# Hummingbird MEGA



## ezbite (May 25, 2006)

i've seen videos on line about how great the picture is with the mega and it DOES look sweet.. but i'm wondering if its worth the xtra $500? i plan on getting the Helix 10 for my console and am kind of in neutral about ordering. do you think its worth it or maybe after seeing it 20 times it just like ehh and id be better off just going with the basic Helix with SI? i do plan on getting the 360 transducer down the road and that has me thinking too. a clearer picture at 100 ft out will probably be beneficial. anyone have experience with the MEGA?


----------



## papaperch (Apr 12, 2004)

Mega imaging is alright. But see no improvement on the 360 view twixt my old 1198 and the my new Mega 10 Helix. If down viewing is important to you. There is an improvement there as the Meg's transducer has a dedicated down view element. Instead of a" blended " view generated by software like 1st generation Helix and other older series MFD's transducers


----------



## FishIgo (Apr 21, 2011)

The thing I like on the Helix models is that I can see the screen from all angles with polarized sunglasses
Versus the older models , don't have to take glasses off anymore to see the screen !


----------



## saugmon (Jun 14, 2006)

FishIgo said:


> The thing I like on the Helix models is that I can see the screen from all angles with polarized sunglasses
> Versus the older models , don't have to take glasses off anymore to see the screen !

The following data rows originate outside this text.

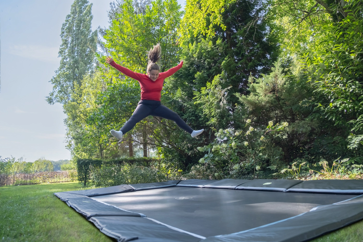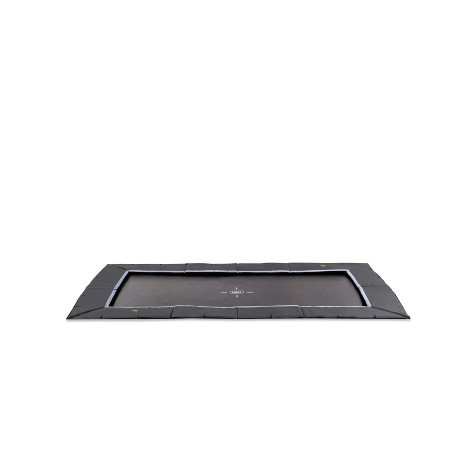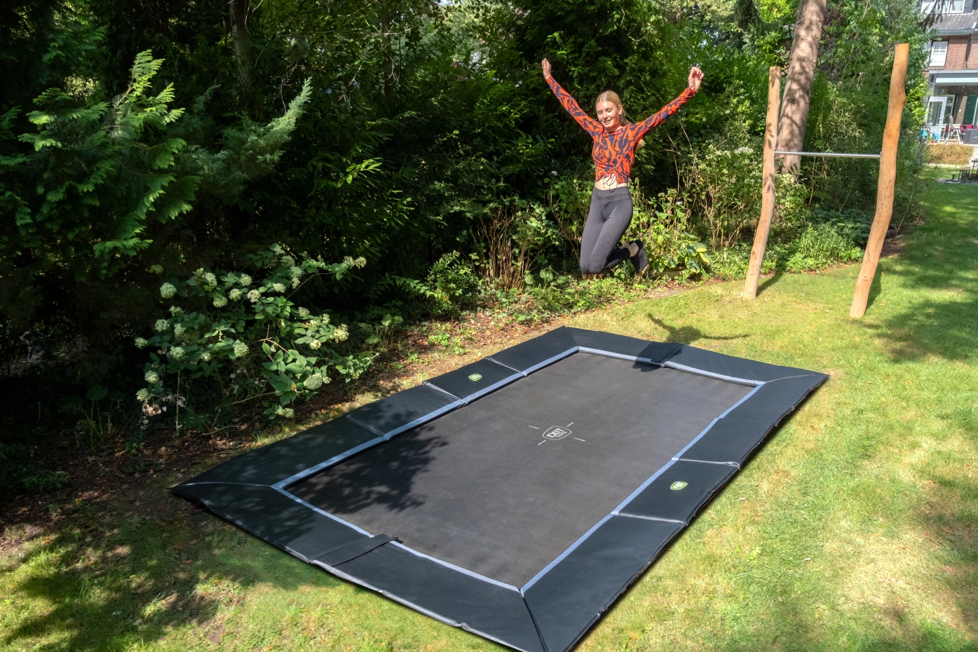 De EXIT Dynamic groundlevel sports trampoline 244x427 cm is een matzwarte, rechthoekige ingraaftrampoline voor sportieve springers vanaf 14 jaar. Dankzij de 25 cm lange dubbel conische veren spring je krachtig en gecontroleerd, perfect voor tricks en hoge sprongen. Het robuuste frame met 42 mm dikke toprail blijft stevig staan, ook bij intensief gebruik. Gegalvaniseerd en gepoedercoat voor langdurige bescherming tegen weer en roest – dé trampoline voor serieuze springprestaties!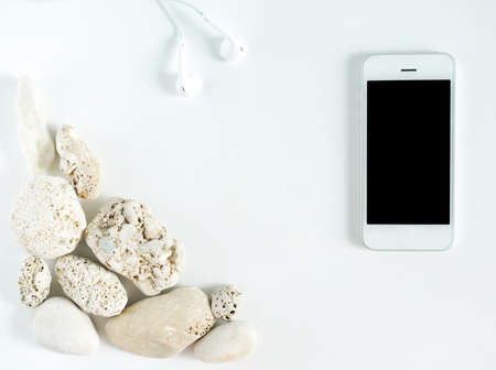 smartphone with earphone isolated white background. High quality beautiful photo concept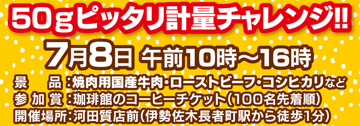 このイベントは、かごに入った「アメちゃん」を計量器に乗せて50gピッタリを目指すもの。ジャスト50gの「ピタリ賞」のほか、計量の誤差によって賞が決まる。焼肉用国産牛肉やローストビーフ、コシヒカリなど豪華景品を多数用意している。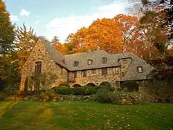 By 1910, however, craft production had faded and the community had become essentially a commuter suburb of Philadelphia, using the nearby Moylan - Rose Valley Station.[10] The buildings designed or renovated by Price during this period may be Rose Valley's major achievement. According to George E. Thomas, "Rose Valley is of exceptional importance, a major American architectural landmark."[8]: 90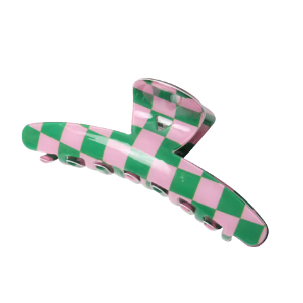 Get ready to bring back some 90s vibes with this Pink & Green Checkered Claw Clip! This cute and fun hair accessory is perfect for adding a playful touch to any hairstyle. Say goodbye to boring hair days and hello to some quirky flair!
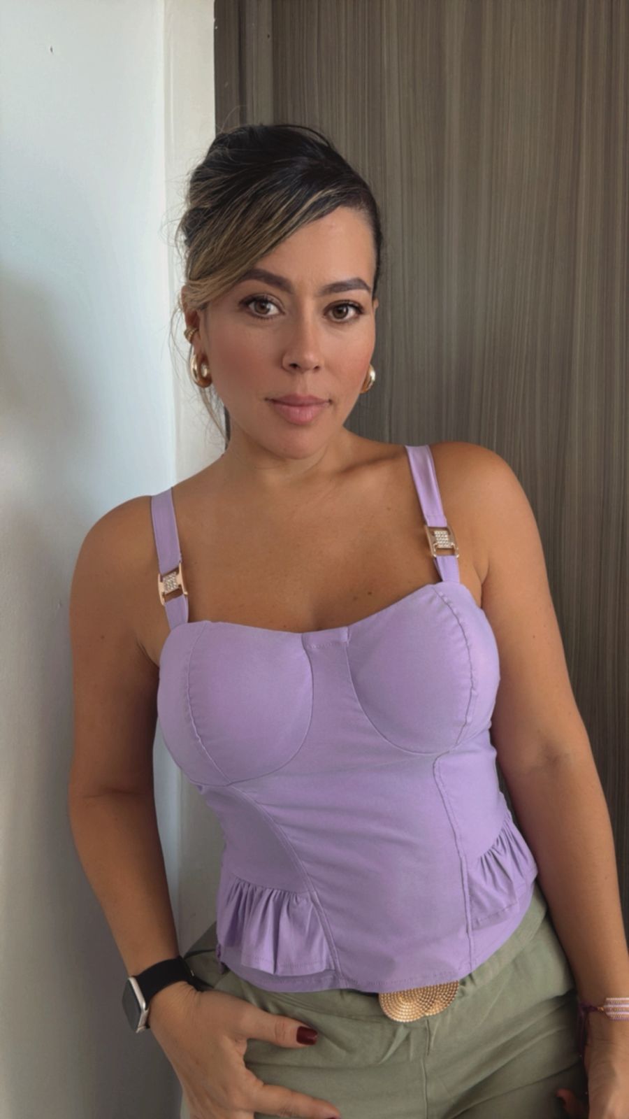 Blusa lila entallada con tiras tipo cinturón, herrajes metálicos y pedrería. Moderna, elegante y perfecta para destacar con un color suave y femenino.
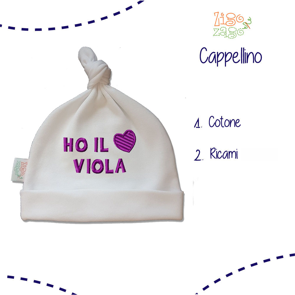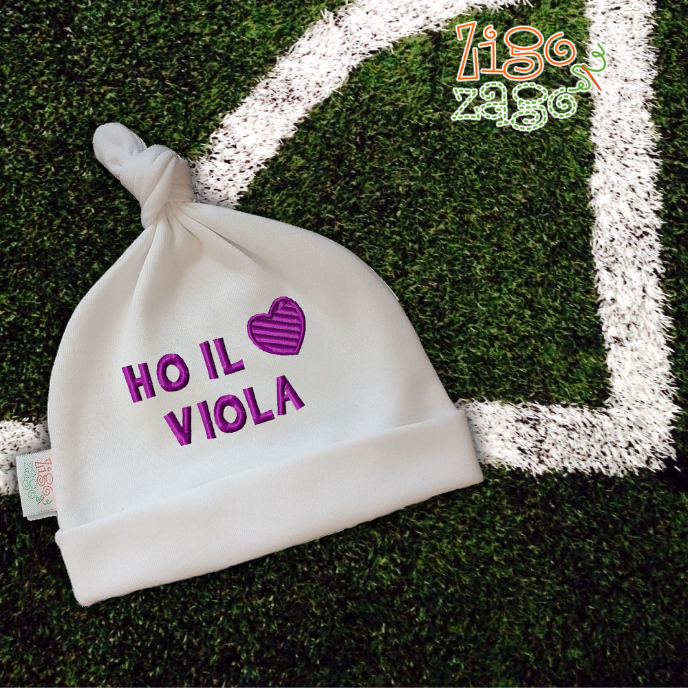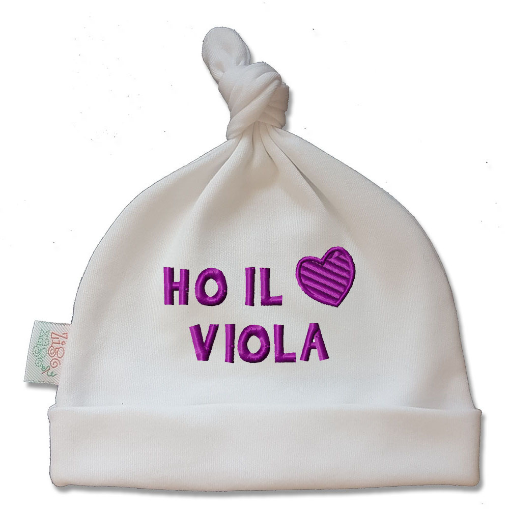 Zigozago Cappello cuffia neonato in cotone “Ho il cuore Viola” unisex CAPP_FIORENTINA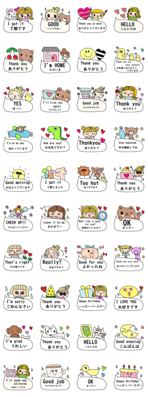 nenerinシンプル日常会話スタンプ1001英語 スタンプ画像一覧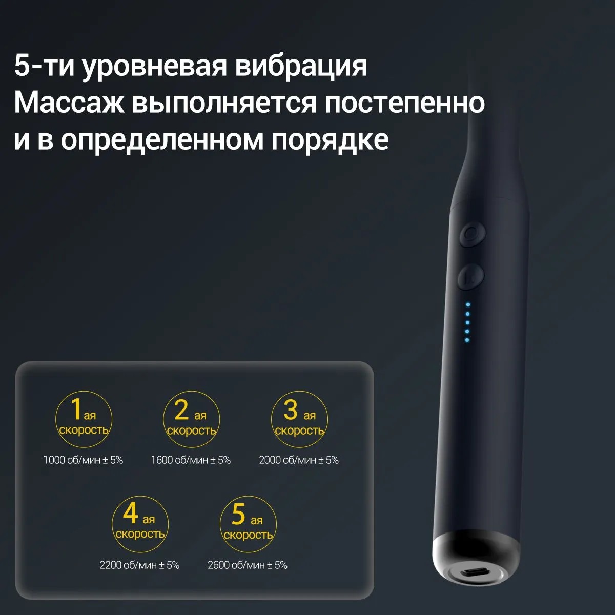Можно свободно переключать 5 уровней вибрации, постепенно расслабляя мышцы в определенном порядке.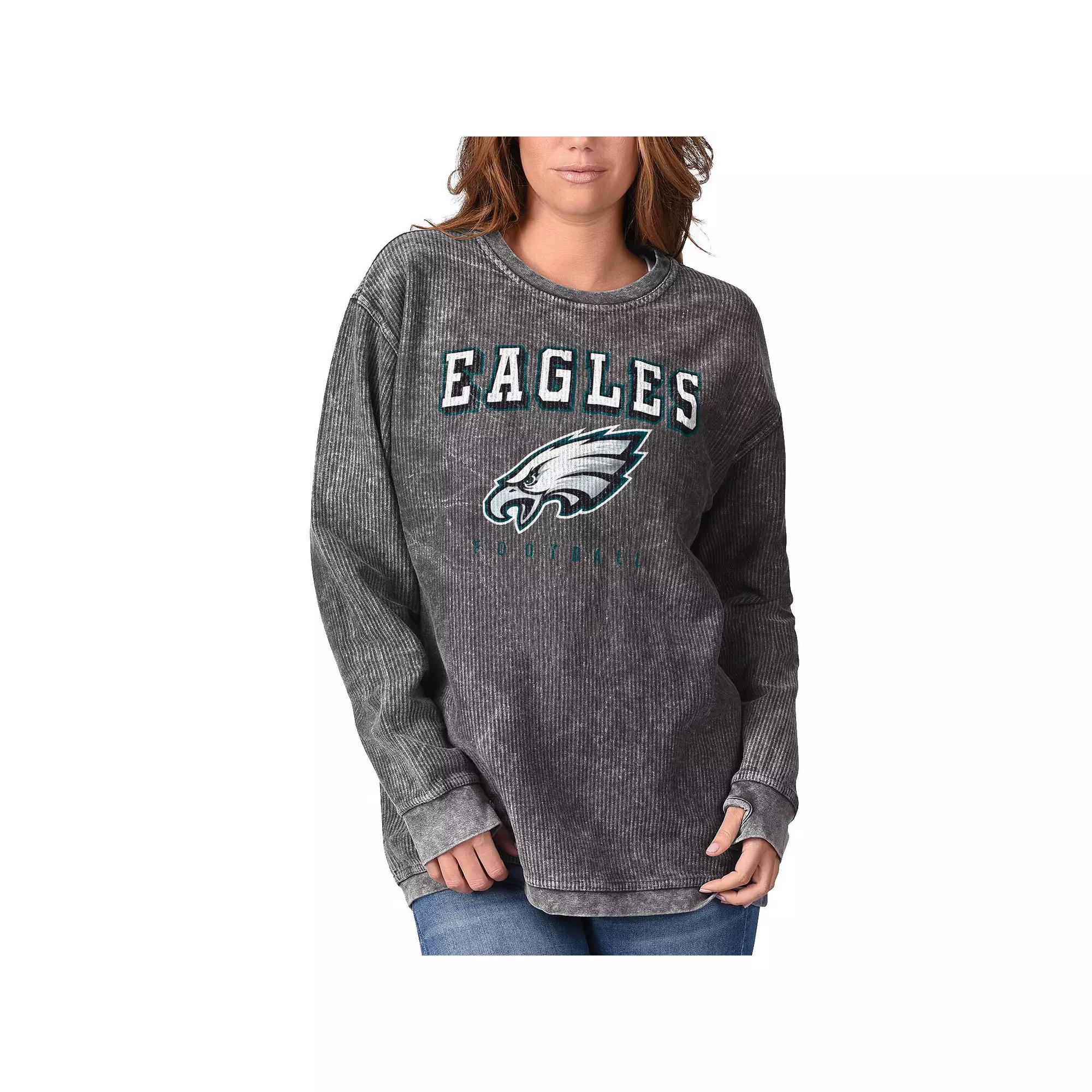 This G-III 4Her by Carl Banks Comfy Cord pullover sweatshirt will grab all the attention on game day. It features unmistakable Philadelphia Eagles graphics printed on washed corduroy fabric for a vintage look. An oversized, lightweight design provides the perfect fit.This G-III 4Her by Carl Banks Comfy Cord pullover sweatshirt will grab all the attention on game day. It features unmistakable Philadelphia Eagles graphics printed on washed corduroy fabric for a vintage look. An oversized, lightweight design provides the perfect fit.Lightweight sweatshirt suitable for mild temperaturesCrew neckWashed corduroy fabric for a vintage lookBrand: G-III 4Her by Carl BanksPulloverScreen print graphicsThumbholes in cuffsLong sleeveOfficially licensedMaterial: 100% CottonImported Size: XL. Color: Black. Gender: female. Age Group: adult.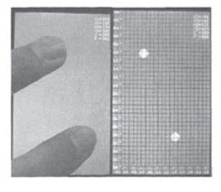 實(shí)際電極設(shè)計(jì)中,每對(duì)感應(yīng)單元設(shè)計(jì)為多組電極,并根據(jù)Lens的厚度設(shè)計(jì)電極面積以及間隙大小。間隙過(guò)大會(huì)導(dǎo)致線縫可見(jiàn),因此使用假電極進(jìn)行填充使線縫在30μm以內(nèi)則可以避免上述問(wèn)題。經(jīng)過(guò)實(shí)際測(cè)試,在實(shí)現(xiàn)單點(diǎn)觸控基本功能的同時(shí),能夠?qū)崿F(xiàn)兩點(diǎn)觸控,滿足設(shè)計(jì)要求。操作效果如圖5所示。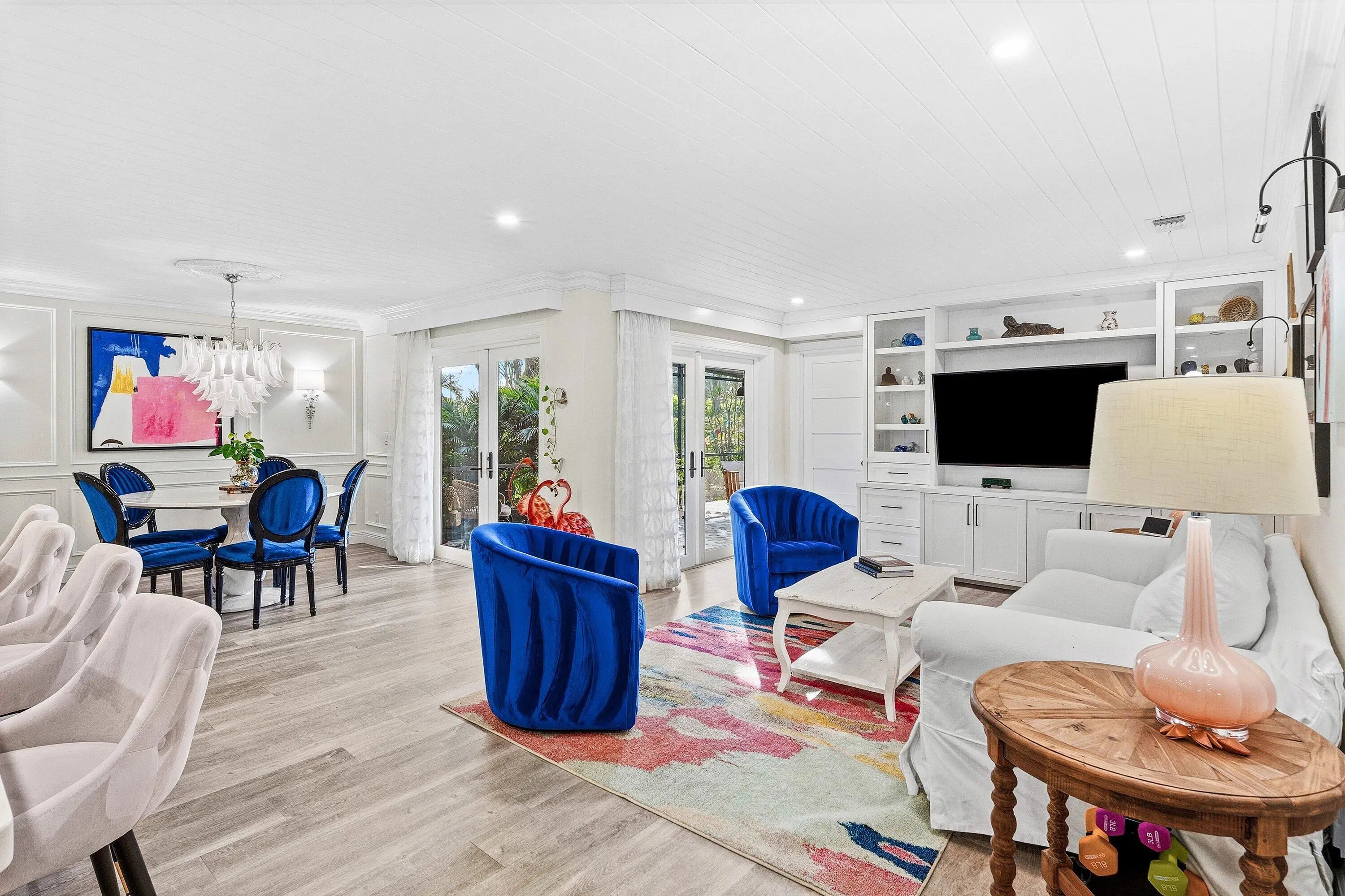 This stunning 2-bedroom, 2-bath villa offers modern living in a highly sought-after 24-hour manned gated community. Completely renovated, the home features a new roof, impact glass windows, and elegant French doors. Inside, you'll find a thoughtfully redesigned layout with an incredible kitchen showcasing wood cabinetry, quartz countertops, and sleek finishes. The home also features crown molding, stylish sconces, and T-bar ceilings that elevate the overall look and feel. Both bathrooms were fully updated, and the home includes new luxury vinyl flooring, a new electrical panel and outlets, tankless water heater, recessed lighting, and fresh interior paint throughout. Both bedrooms are equipped with spacious California-style walk-in closets

Amazing visual quality with the last model of Helix-9 Di. It sits above my elite-5 in the console and any sun out,forget about even trying to view the elite. When fishing before daylight and powering up the helix,it'll blind me when the main white sonar screen pops up.It lights up the whole back end of the boat. I mainly use the gps screen and have to change to sonar screen when boats get behind me so they can't see the track I'm working. Very clear pics.I can't imagine how much better pic the g2's are.


----------